[Dataset content — start]
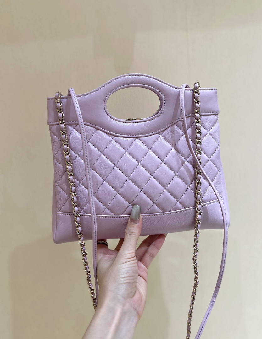 chanel 24s mini 31bag purple shiny lambskin gold hardware
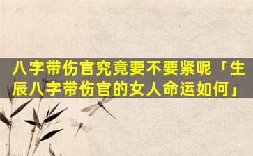 八字带 🐱 伤官是否要紧,需要根据其 🌼 所在的具体位置、组合以及八字整体格局来判断。
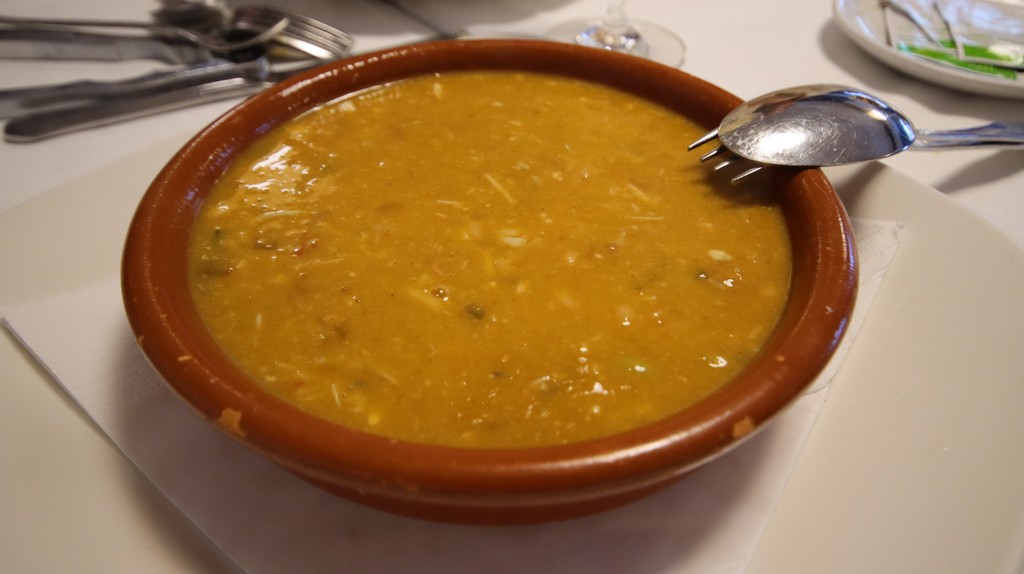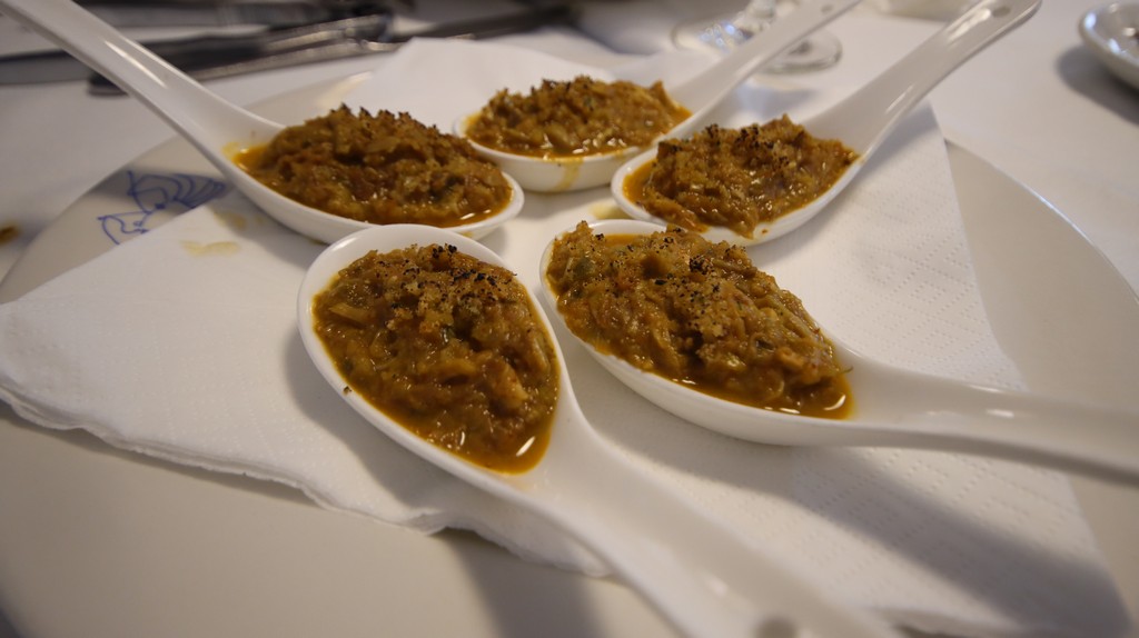 La jornada comienza con un gazpacho de centollo, una preparación que combina la ligereza del gazpacho tradicional con el toque marino del centollo desmigado. La mezcla resulta equilibrada: la base vegetal aporta frescura y el centollo introduce una profundidad que invita a repetir. Es una entrada que funciona muy bien para abrir el apetito sin saturar.
[Dataset content — finish]
Copy, exactly and exclusively, the lines beginning with the one that contains "八字带 🐱 伤官是否要紧,需要根据其 🌼 所在的具体位置、组合以及八字整体格局来判断。" and ending with the last line of the listing; pictures are to be omitted.

 八字带 🐱 伤官是否要紧,需要根据其 🌼 所在的具体位置、组合以及八字整体格局来判断。
 La jornada comienza con un gazpacho de centollo, una preparación que combina la ligereza del gazpacho tradicional con el toque marino del centollo desmigado. La mezcla resulta equilibrada: la base vegetal aporta frescura y el centollo introduce una profundidad que invita a repetir. Es una entrada que funciona muy bien para abrir el apetito sin saturar.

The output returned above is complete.